– Ты чего смеешься, а? – Евгений стоял над ней, грозно шевеля бровями, и топорщил усы. – Ты надо мной смеешься? Зря смеешься. Если я сказал, что принес, значит, принес!

Она и не думала смеяться, она просто тихо радовалась про себя, может быть, даже улыбалась, наблюдая его хождение из угла в угол и слушая его невнятную, ни к чему не обязывающую и такую забавную болтовню. Но тут не выдержала, рассмеялась громко, закричала сквозь смех:

– Да что принес-то?

– А вот что! – торжествующе произнес он, выхватывая из вороха вещей, сваленных на кровати, какую-то коробку и размахивая этой коробкой у нее перед носом. – И попробуй только сказать, что я не имею права! Это вообще не тебе, а Натуськинсу!

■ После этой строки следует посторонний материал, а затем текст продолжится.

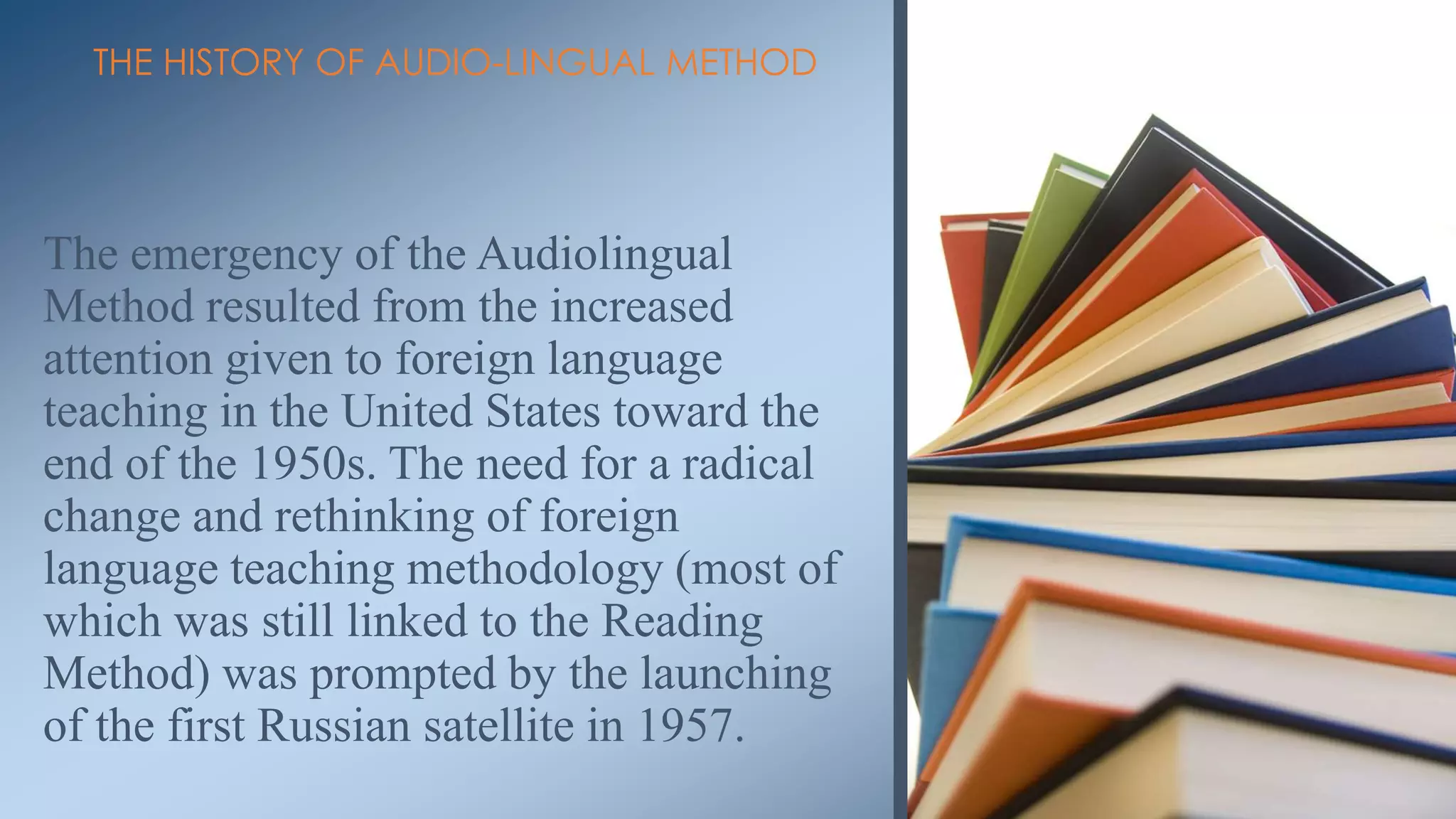 The Audiolingual Method emerged in the late 1950s in response to the need to improve foreign language teaching in the US. It drew on linguistics, behaviorism, and the Army Language School's approach. The method focuses on oral proficiency through repetition and pattern drills without explanation. Students are expected to mimic the teacher and avoid using their native language. Interaction is teacher-directed with an emphasis on habit formation to learn grammar implicitly.

– Натуське, – поправила она, перестала смеяться и села на кровать. – А Натуська тут при чем?

Евгений бросил коробку ей на колени, присел рядом с ней, потер лицо ладонями и протяжно вздохнул.

– Малыш, что-то мне с тобой как-то трудно, – после минутного молчания заговорил он виноватым голосом, хмурясь и глядя в сторону. – Кажется, ты чего-то не понимаешь… Или это я не понимаю? Так ты объясни! А то ведь я не знаю, что и делать. Разве так можно жить? Так жить нельзя.

– Ты о чем? – Тамара вдруг почувствовала, как сильно и больно забилось сердце, и мгновенно пересох рот, и руки стали холодными и непослушными. – Почему тебе трудно? Как нельзя жить? Я правда не понимаю…

Евгений опять долго молчал, вздыхал, отводил глаза и шевелил усами.

– Ты все время сопротивляешься, – наконец заключил он недовольно. – Ну, в чем дело-то? Ну, хочется мне, чтобы ты в халате походила, – трудно тебе, что ли?.. И ножки чтобы не мучила… И съела чего-нибудь вкусненького… А плеер Натуськинсу – это ведь не тебе подарок. И даже не ей. Это вообще-то мне подарок. Чтобы время зря не тратить. Чтобы все твое время – только для меня. Понимаешь?

– Как я испугалась, – с трудом сказала она, закрыла глаза, перевела дыхание и почувствовала, как горячая волна облегчения смывает липкий холодный страх. – Как я испугалась, ты бы знал… Я подумала…

Она спохватилась, замолчала на полуслове… Евгений вдруг сильно толкнул ее, опрокинул на подушку, сжал ее плечи и близко наклонился, внимательно вглядываясь в ее лицо.

– Что ты подумала? – вкрадчиво спросил он. – А ну, колись быстро! Чистосердечное признание…

– Я подумала, что ты меня бросить хочешь, – выпалила Тамара. – Ты сказал: со мной трудно, так дальше нельзя… Ну вот я и подумала.

Евгений усмехнулся, склонился еще ниже, потерся носом о ее нос и вздохнул:

– Значит, не хочешь правду говорить…

– Да я правда так подумала, – слабо вякнула она, чувствуя, как опять сладко закружилась голова.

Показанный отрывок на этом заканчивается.